Двойная спираль. Забытые герои сражения за ДНК - Гарет Уильямс
Шрифт:
Интервал:
Закладка:
Кто заслуживает самую большую долю славы? Уотсон и Крик не считали нужным даже ставить такой вопрос. Макс Перуц полагал, что загадка ДНК «могла быть решена лишь огромным скачком воображения»[1276], и этот скачок сделал именно Уотсон. По мнению Крика, понимание Уотсоном[1277] того, как пары оснований соединяются вместе, пришло случайно, но ни у кого больше не было «подготовленного ума», чтобы распознать значение такого случайного открытия. И лишь они одни шли по верному следу: «Двигаясь ощупью туда и сюда, мы наткнулись на золото, но факт в том, что мы искали золото. задавали верные вопросы»[1278].
Но есть еще один факт, который Уотсон и Крик никогда не горели желанием признавать. Другие уже произвели разведку, определили расположение, выкопали золото и передали его им на тарелочке с минимальным количеством шлака. Аарон Клуг предложил собственную интерпретацию процесса[1279]: «Структура была разгадана Фрэнсисом Криком и Джеймсом Уотсоном на основе данных рентгеновской дифракции волокон ДНК, полученных Розалинд Франклин». Крик и Уотсон смотрели свысока на механическую работу «людей из Королевского колледжа», но они были единственными из авторов трилогии статей в журнале Nature, кто ни разу пальцем не притронулся к ДНК в лаборатории. Кембриджский дуэт активно пользовался данными Королевского колледжа, мало что или совсем ничего не давая взамен. Если выражаться чисто биологическими терминами, их отношение было даже не симбиотическим, а паразитическим.
Наука может быть грязным делом; «любезность» не значится в списке желаемых качеств, не говоря уже об основных, для успешного исследователя. Наука будет идти вперед только в том случае, если ученые смотрят в этом направлении, и утверждалось, что «наука, которая не решается забыть своих основателей, погибла»[1280]. В идеале, однако, основателям не следует давать по зубам в попытке вскарабкаться на их плечи, чтобы видеть дальше.
История ДНК – выставка ученых, ведущих себя неподобающе; помимо острых глаз и умов, у некоторых были угрожающе острые локти. Несколько моментов демонстрируют высокое искусство обструкционизма. В качестве примеров можно привести «абсурдное занудство»[1281] тетрануклеотидной гипотезы, с помощью которого Феб Левен безуспешно пытался погубить собственное детище, ДНК; и Альфреда Мирски, с дьявольским упорством пытающегося втоптать в грязь работу Эвери, невзирая на фактические доказательства, говорящие о чем-то всем остальным. Читатели сами могут подобрать кандидатов для одного из академических стереотипов, выявленных Ф. М. Корнфордом в Кембридже в начале 1900-х годов. Спешащий молодой человек[1282] – это «ограниченный и до смешного молодой педант, достаточно неопытный, чтобы вообразить, что чего-нибудь можно добиться за короткое время и даже предлагать определенные вещи и страдающий угрызениями совести, которые склонны начинаться, словно корь, в отдельных местах».
Актеры второго планаОсвальд Эвери полностью порвал с Рокфеллеровским институтом и всем, что он олицетворял, когда переехал к своему брату Рою в 1948 году. Казалось, его устраивала тихая жизнь в Нэшвилле. Он не предпринимал попыток написать книгу, о которой он задумывался много раз: биография пневмококка[1283], предварительно озаглавленная «Микроб в сахарной глазури».
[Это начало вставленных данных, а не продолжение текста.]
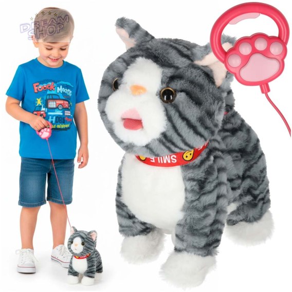 Kotek interaktywny na smyczy miauczy chodzi rusza ogonem szary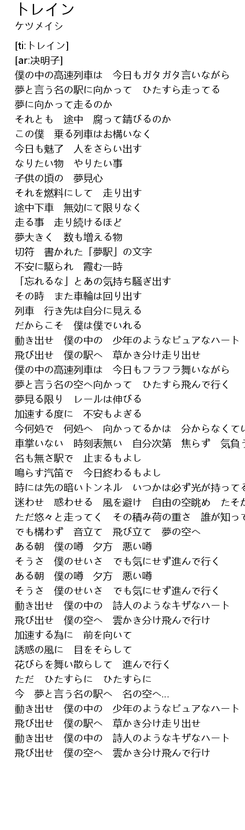 | [00:31.882] | 僕の中の高速列車は 今日もガタガタ言いながら |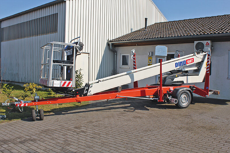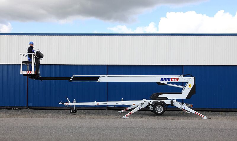 Diese Arbeitsbühne bietet maximale Reichweite bei voller Korbbelastung und überzeugt durch ihre kompakte Bauweise mit einer Transportlänge von nur 6,15 Metern. Mit einem Gesamtgewicht von weniger als 2.000 Kilogramm inklusive Motor ist sie leicht zu transportieren und stabil beim Schleppen. Das integrierte Fahrsystem mit Seillenkung ermöglicht eine einfache Bewegung am Einsatzort, während die hydraulische Korbdrehung von 180° und die kontinuierliche Drehung des Auslegers für höchste Flexibilität sorgen.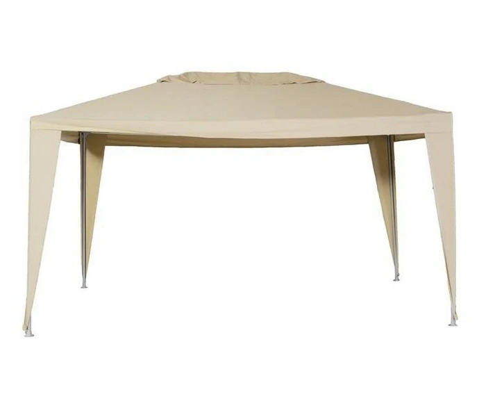 Let op: hoewel het paviljoen prima een buitje kan verdragen, is deze bedoeld als zonwering. Bij slecht weer en geen gebruik adviseren wij de tent droog op te bergen.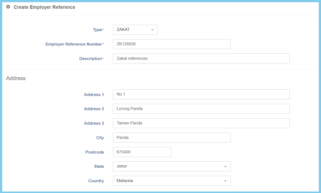 | Employer Reference Number | Any alphanumeric | Set the reference number for the selected references type. |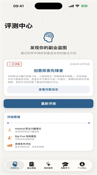 1、完成一套系统化评测,从职业兴趣、性格特质、时间与资源条件等多个维度建立个人画像,自动生成评测报告,帮你快速定位适合自己的副业方向,减少盲目试错。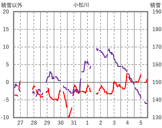 | 日 | 時 | 気温 | 降水 | 風向/風速 | 日照 | 積雪 | 降雪 |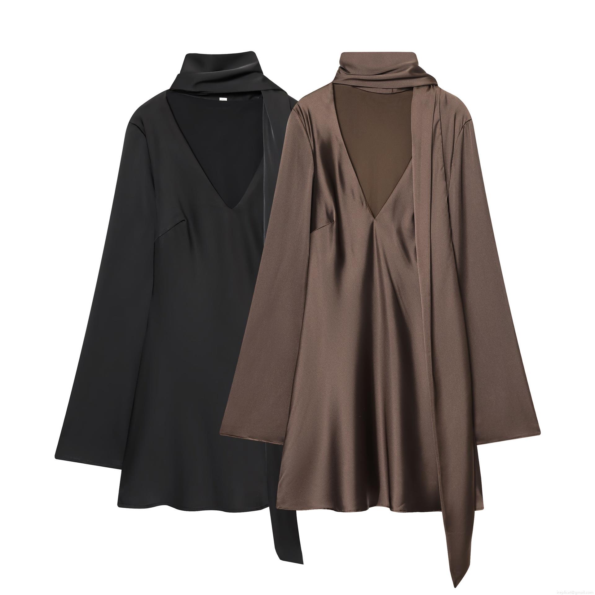 • Women's Elegant V-Neck Long Sleeve Satin Polyester Mini Dress With Scarf Collar Silky Cocktail Party Bodycon Sheath Dress For Ladies Formal Evening Event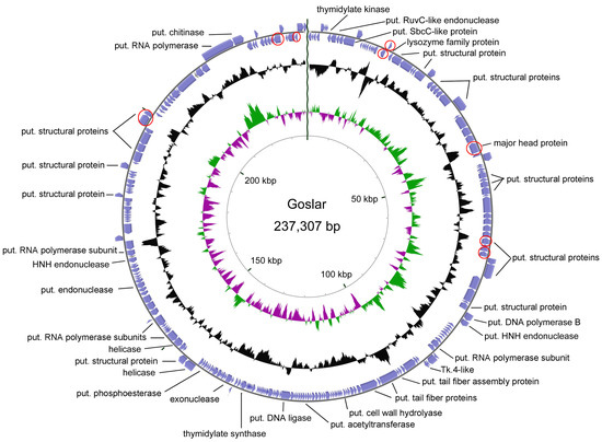 Sequencing of phage Goslar resulted in a genome size of 237,307 bp (GC content of 46.53%), classifying it as a jumbo phage. In this case, treatment with exonuclease BAL-31 and subsequent hydrolysis with different restriction enzymes showed that the genome of this phage appears to be circularly permuted. Annotation led to the determination of 249 predicted CDS, but no tRNAs (Figure 10). Though comparison at the nucleotide level resulted in only a small number of short stretches of similarity to other phages, BLASTP analysis gene by gene and hmmscan using the pVOG database revealed several shared conserved domains and similarities to other phages, so that a rough characterization of the genome organization could be performed. Thus, we identified putative genes involved in replication, e.g., a DNA ligase and helicase, in nucleotide metabolism, e.g., a putative thymidylate synthase, and a chitinase, which may be involved in host lysis. Based on the number of hits in the BLASTP analysis, we chose phages from GenBank for further analysis with CoreGenes3.5 [44,45]. Thus, we identified non-Escherichia phages that shared at least more than 70 homologs with phage Goslar, namely Pseudomonas phages phiKZ (77), PhiPA3 (79), Phabio (77), and Noxifer (84), Erwinia phages vB_EamM_ChrisDB (76), PhiEAH1 (83), and Ea35-70 (91), and Ralstonia phage RSL2 (75).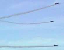 迫力のTOC機3機によるフォーメーション飛行が始まります。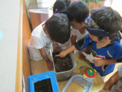 子どもたちは「カブトムシが生まれた!」といって大喜びです。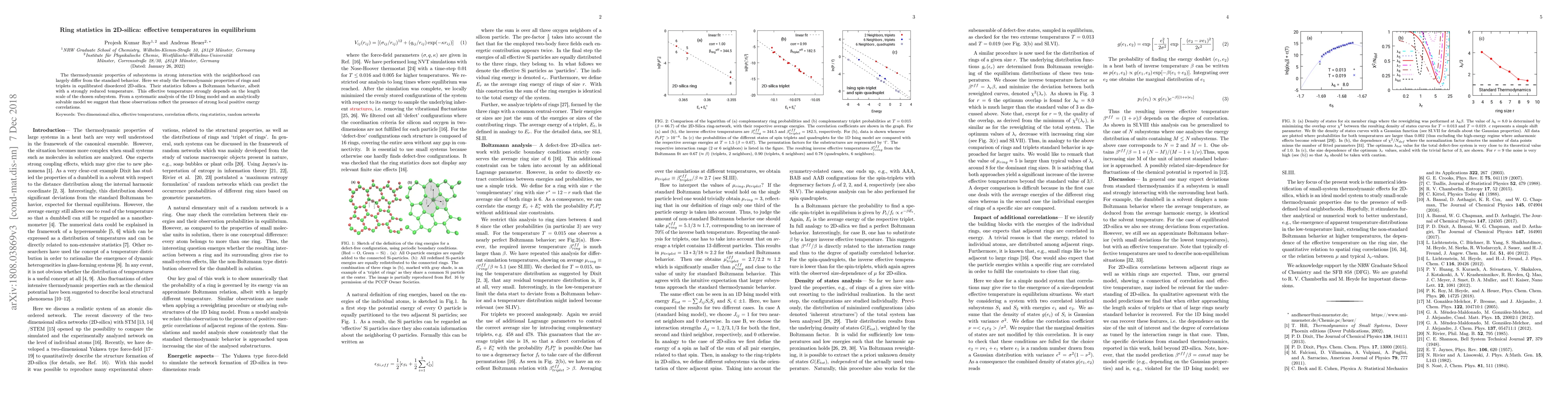 The thermodynamic properties of subsystems in strong interaction with the neighborhood can largely differ from the standard behavior. Here we study the thermodynamic properties of rings and triplets in equilibrated disordered 2D-silica. Their statistics follows a Boltzmann behavior, albeit with a strongly reduced temperature. This effective temperature strongly depends on the length scale of the chosen subsystem. From a systematic analysis of the 1D Ising model and an analytically solvable model we suggest that these observations reflect the presence of strong local positive energy correlations.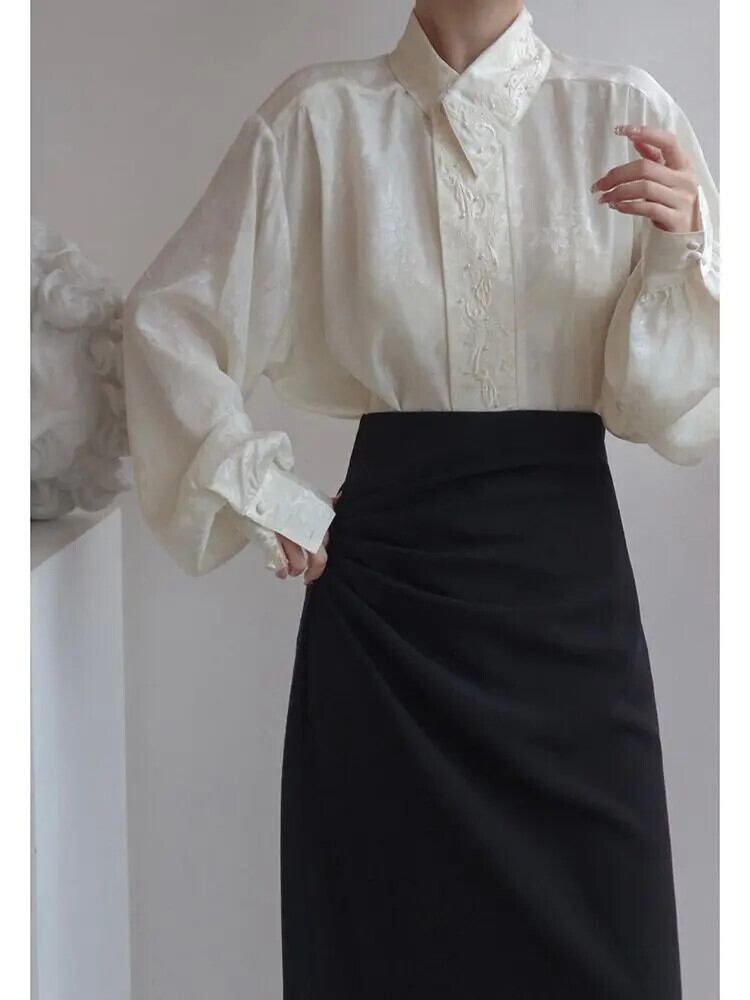 フレンチトップ重工業刺繍シャツ白小さ春ブラウス2024シャツ ホワイト レッド スプリング 春物

Напоминание о прошлой жизни[1284] посетило его в 1950 году в виде письма из Стокгольма, сообщавшего о том, что ему присуждена значимая премия. Речь, однако, шла не о главной премии, а о медали Пастера Шведского королевского общества микробиологии. В общей сложности, Эвери 45 раз номинировали[1285] на Нобелевскую премию, 30 из них – за его работу по пневмококкам, но он так и не прошел отбор. «Неспособность людей в Стокгольме»[1286] оценить достижения Эвери вызвало общее недоумение научного сообщества. Его демонстрация того, что генетический материал представляет собой ДНК, была охарактеризована Джошуа Ледербергом (Нобелевская премия по физиологии или медицине 1958 года) как «определяющее открытие»[1287] биологии XX столетия; другие утверждали, что работы Эвери хватит на две Нобелевские премии[1288].
У Нобелевского комитета имелись свои соображения. Вначале они рассматривали работу по ДНК как «потенциально важную», но нуждавшуюся в дополнительных доказательствах. Последующее подтверждение того, что ДНК является материалом генов в других бактериях и вирусах, не было достаточным, а открытие двойной спирали и механизма копирования ДНК имело к нему лишь косвенное отношение. Как бы то ни было, Эвери был слишком стар[1289].
Все совершают ошибки, а члены комитета были всего лишь людьми. Это не какой-то научный пантеон, а просто 25 профессоров Каролинского института (медицинского университета в Стокгольме), посвященных в курс дела рабочей группой, куда входят трое из их числа. Некоторые из них были учеными мирового уровня и беспристрастными; к остальным не подходила ни одна из этих характеристик, а кое у кого имелся конфликт интересов, поскольку они рассматривали самих себя как претендентов на получение премии. Среди тех, кто последовательно выступал против кандидатуры Эвери, был Торбьёрн Касперссон, сторонник превосходства белков, полагавший, что ДНК является лишь каркасом для поддержки генетического материала – белков. И, вероятно, яд отрицания заклятого врага Эвери – Альфреда Мирски – проник к лицам, ответственным за принятие решений.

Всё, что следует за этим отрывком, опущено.